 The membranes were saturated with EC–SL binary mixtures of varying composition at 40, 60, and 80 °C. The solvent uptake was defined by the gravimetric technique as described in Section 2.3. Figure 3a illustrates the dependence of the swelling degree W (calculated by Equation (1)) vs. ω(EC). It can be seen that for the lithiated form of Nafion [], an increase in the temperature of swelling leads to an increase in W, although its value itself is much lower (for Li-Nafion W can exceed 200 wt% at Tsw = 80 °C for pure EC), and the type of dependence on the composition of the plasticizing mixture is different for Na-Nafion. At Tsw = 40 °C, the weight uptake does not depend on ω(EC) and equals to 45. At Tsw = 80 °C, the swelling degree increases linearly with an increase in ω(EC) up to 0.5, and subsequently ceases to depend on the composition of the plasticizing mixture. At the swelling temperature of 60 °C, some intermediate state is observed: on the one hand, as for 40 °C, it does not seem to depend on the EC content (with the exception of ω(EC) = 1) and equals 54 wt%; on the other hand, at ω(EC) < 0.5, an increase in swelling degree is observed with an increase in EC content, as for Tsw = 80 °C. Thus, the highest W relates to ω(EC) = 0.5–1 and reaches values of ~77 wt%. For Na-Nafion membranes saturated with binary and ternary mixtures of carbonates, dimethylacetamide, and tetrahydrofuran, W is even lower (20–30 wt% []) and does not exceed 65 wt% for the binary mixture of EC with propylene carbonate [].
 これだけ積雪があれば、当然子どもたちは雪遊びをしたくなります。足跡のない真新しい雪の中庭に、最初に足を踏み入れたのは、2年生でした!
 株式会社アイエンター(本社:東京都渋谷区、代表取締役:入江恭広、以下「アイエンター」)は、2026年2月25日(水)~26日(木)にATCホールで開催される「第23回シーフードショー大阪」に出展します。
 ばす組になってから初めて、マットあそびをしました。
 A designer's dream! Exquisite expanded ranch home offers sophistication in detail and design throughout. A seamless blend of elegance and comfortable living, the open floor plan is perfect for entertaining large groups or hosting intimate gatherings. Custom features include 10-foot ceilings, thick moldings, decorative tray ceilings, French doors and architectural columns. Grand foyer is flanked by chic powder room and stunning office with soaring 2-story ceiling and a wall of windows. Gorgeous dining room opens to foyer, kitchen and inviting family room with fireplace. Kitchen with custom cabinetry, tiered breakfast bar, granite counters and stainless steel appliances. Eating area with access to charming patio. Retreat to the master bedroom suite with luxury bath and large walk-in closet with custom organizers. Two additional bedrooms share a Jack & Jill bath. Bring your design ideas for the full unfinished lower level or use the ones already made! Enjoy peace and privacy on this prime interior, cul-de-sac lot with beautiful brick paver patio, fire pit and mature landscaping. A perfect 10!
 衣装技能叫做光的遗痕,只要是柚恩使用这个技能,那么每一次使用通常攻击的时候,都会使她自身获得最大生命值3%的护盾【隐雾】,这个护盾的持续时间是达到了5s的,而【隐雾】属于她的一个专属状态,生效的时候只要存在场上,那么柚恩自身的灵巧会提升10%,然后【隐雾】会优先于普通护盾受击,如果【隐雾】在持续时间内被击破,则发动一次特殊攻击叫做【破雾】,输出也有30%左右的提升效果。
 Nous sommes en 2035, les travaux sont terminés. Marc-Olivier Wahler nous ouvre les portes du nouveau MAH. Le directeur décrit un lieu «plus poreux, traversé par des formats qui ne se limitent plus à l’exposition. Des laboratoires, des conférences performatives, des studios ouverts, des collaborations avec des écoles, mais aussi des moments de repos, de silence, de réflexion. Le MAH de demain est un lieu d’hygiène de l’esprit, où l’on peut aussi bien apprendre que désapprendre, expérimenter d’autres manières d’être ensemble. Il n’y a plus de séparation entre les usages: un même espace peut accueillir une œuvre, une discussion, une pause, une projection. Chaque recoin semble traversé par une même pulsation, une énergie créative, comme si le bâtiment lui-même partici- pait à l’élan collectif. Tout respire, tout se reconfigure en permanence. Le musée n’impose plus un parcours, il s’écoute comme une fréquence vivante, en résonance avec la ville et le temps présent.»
--
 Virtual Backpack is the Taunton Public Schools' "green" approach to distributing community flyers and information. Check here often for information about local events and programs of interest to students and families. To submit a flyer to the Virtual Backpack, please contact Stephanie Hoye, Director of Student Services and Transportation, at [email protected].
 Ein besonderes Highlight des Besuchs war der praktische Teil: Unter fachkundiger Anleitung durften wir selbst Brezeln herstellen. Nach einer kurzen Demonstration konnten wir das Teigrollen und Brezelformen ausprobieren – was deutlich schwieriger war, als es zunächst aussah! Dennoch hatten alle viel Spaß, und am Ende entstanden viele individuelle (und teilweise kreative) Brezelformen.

--- Required work ---
Go back to the listing above. Copy word for word the lines from the one with "株式会社アイエンター(本社:東京都渋谷区" through the one with "ばす組になってから初めて、マットあそびをしました。", and nothing more.

--- Solution for this exercise ---
 株式会社アイエンター(本社:東京都渋谷区、代表取締役:入江恭広、以下「アイエンター」)は、2026年2月25日(水)~26日(木)にATCホールで開催される「第23回シーフードショー大阪」に出展します。
 ばす組になってから初めて、マットあそびをしました。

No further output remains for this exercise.